= Odlanier Mena =

Chilean general (1926–2013)

Odlanier Rafael Mena Salinas (2 April 1926 – 28 September 2013) was a Chilean general during the military dictatorship of Chile. He was director of the Central Nacional de Informaciones (CNI), a Chilean intelligence agency, between 1977 and 1980. He was convicted for three murders related to the Caravan of Death and was sentenced to six years imprisonment in 2009. From June 2011 onwards he was allowed to stay weekends at his own home. In September 2013 Chilean President, Sebastián Piñera, announced to closure of the Cordillera prison where Mena had been housed. The luxurious conditions at the jail had been criticized, amongst others by former Chilean presidents. According to his lawyer, Mena was worried about moving to a new jail due to a lack of medical attention possibilities.
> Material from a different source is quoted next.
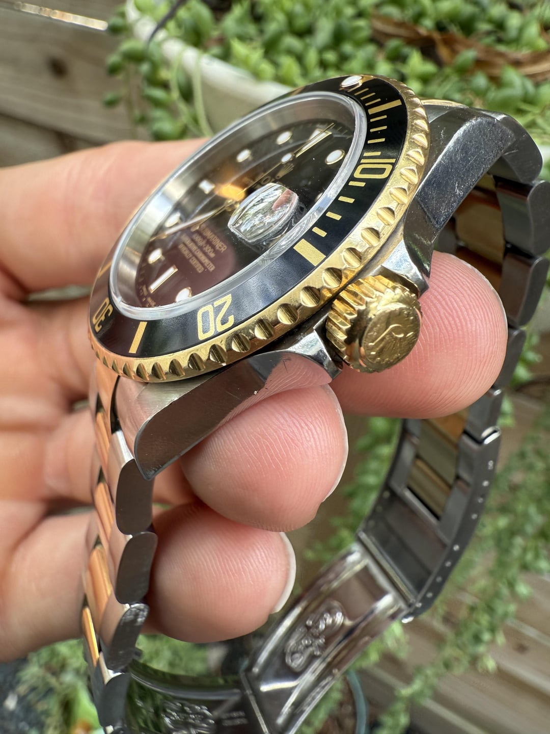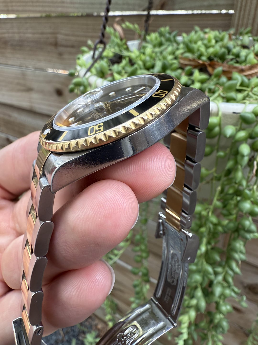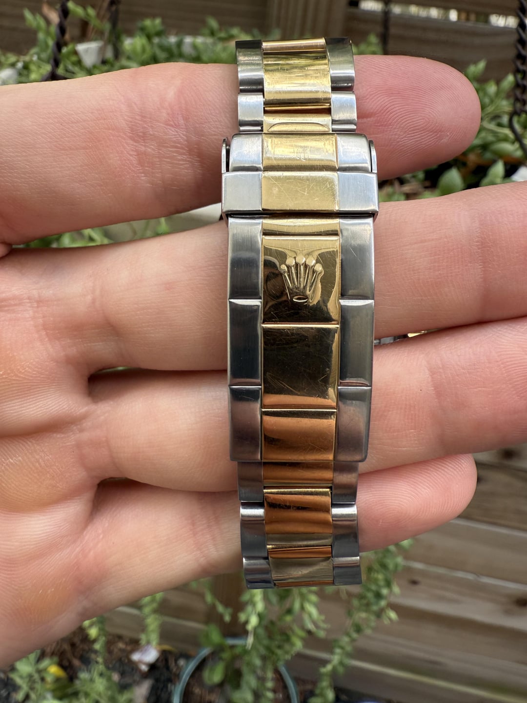 Selling my two-tone Submariner Date 16613 with the classic black dial. • Ref: 16613LN (two-tone steel & 18k gold) • D SERIAL – holes case with solid end links • Condition: Honest pre-owned condition with surface wear and a few small dings, nothing major. Case looks unpolished to me. Crystal has a small chip near 5-6 oclock. Dial and bezel are sharp. • Movement: Caliber 3135 running smoothly • Included: Watch only with 9 full links + full divers extension • Bracelet: 93253 Oyster with solid end links, minimal stretch • Price: $9,500 – shipped & insured in CONUS • Location: Houston Tx Wire / zelle preferred. Cc, PayPal, Venmo etc accepted (+4%) and copy of ID required. [Instagram](https://www.instagram.com/watchesinhouston?igsh=NWxkdjFnb2F4azl3&utm_source=qr)
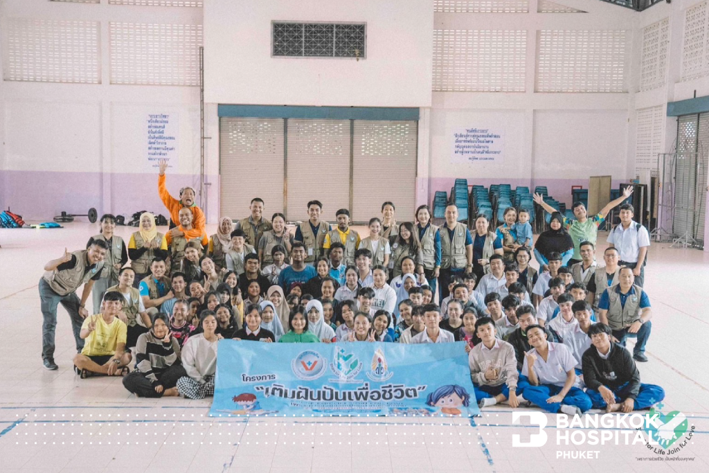 คุณณปภัช โชติบุญฐิสา ผู้อำนวยการศูนย์พัฒนาบุคลากรทางการเเพทย์ เครือกรุงเทพดุสิตเวชการ กลุ่มภาคใต้ และคณะพยาบาล พร้อมกับเจ้าหน้าที่โรงพยาบาลกรุงเทพภูเก็ต ร่วมกิจกรรมโครงการเติมฝันปันชีวิต โดยมูลนิธิเวชดุสิตฯ และชมรมครูอาสา Share for Life Join for Love เพื่อส่งต่อทักษะการช่วยชีวิตและการเอาตัวรอดทางน้ำ ให้แก่นักเรียนและครู โรงเรียนเกาะยาววิทยา ร่วมเป็นส่วนหนึ่งในการขับเคลื่อนและขยายผลมาตรฐานความปลอดภัย ตลอดจนเพิ่มอัตราการรอดชีวิตของผู้ประสบเหตุ ณ โรงเรียนเกาะยาววิทยา จังหวัดพังงา เมื่อวันที่ 27-28 พฤศจิกายน 2566 ที่ผ่านมา

Mena shot himself at his home on 28 September 2013, at the age of 87. His lawyer blamed the suicide on the upcoming relocation of prisoners detained at Cordillera.

Before late 1975 Mena had been head of the Army Intelligence Unit (SIM), when he fell out with Manuel Contreras. In 1975 he retired from the Army. Mena was subsequently made ambassador to Panama and eventually Uruguay. During his time in Uruguay he was recalled to Chile to become head of the CNI. From 1983 to 1985 Mena was ambassador to Paraguay.